> [Requirement]: Produce as output only the lines below starting at the line with "Ehjä, ok kunnossa" and continuing through the line with "Рулетка - поводок", each one exactly as written.

> [Data provided]:

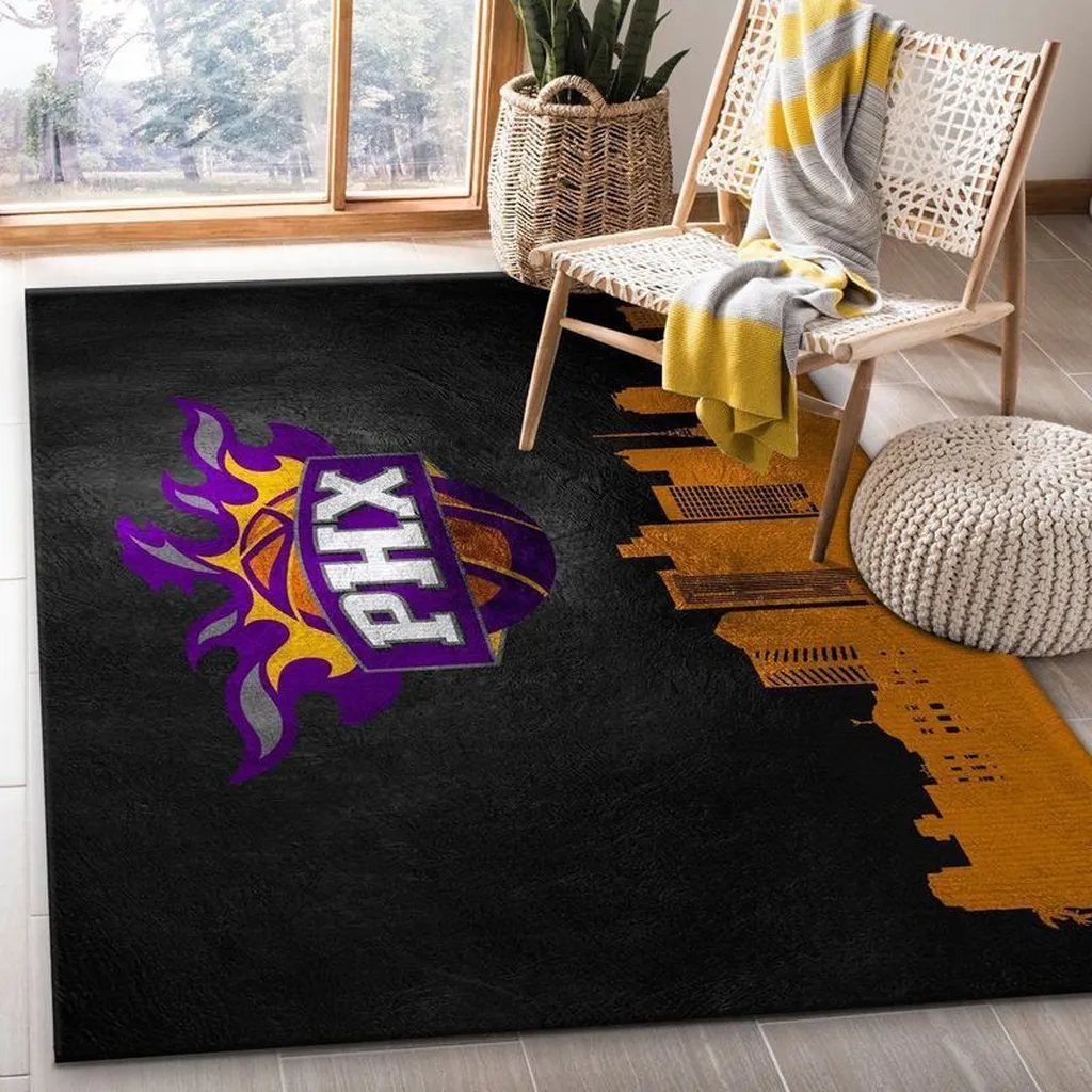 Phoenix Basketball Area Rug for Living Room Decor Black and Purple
---
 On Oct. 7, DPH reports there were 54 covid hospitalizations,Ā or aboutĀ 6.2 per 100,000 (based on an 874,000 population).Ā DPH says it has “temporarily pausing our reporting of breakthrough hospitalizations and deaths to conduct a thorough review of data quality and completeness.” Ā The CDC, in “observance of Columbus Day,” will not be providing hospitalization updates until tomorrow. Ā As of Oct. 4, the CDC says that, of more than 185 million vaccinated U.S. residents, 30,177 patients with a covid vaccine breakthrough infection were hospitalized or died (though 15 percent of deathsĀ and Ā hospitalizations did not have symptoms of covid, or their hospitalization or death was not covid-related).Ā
* * *
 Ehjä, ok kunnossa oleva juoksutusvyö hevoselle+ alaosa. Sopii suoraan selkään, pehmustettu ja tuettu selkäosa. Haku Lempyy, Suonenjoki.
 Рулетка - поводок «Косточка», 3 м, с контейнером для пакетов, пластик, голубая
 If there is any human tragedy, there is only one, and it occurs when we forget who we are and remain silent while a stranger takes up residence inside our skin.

> [Written reply]:
 Ehjä, ok kunnossa oleva juoksutusvyö hevoselle+ alaosa. Sopii suoraan selkään, pehmustettu ja tuettu selkäosa. Haku Lempyy, Suonenjoki.
 Рулетка - поводок «Косточка», 3 м, с контейнером для пакетов, пластик, голубая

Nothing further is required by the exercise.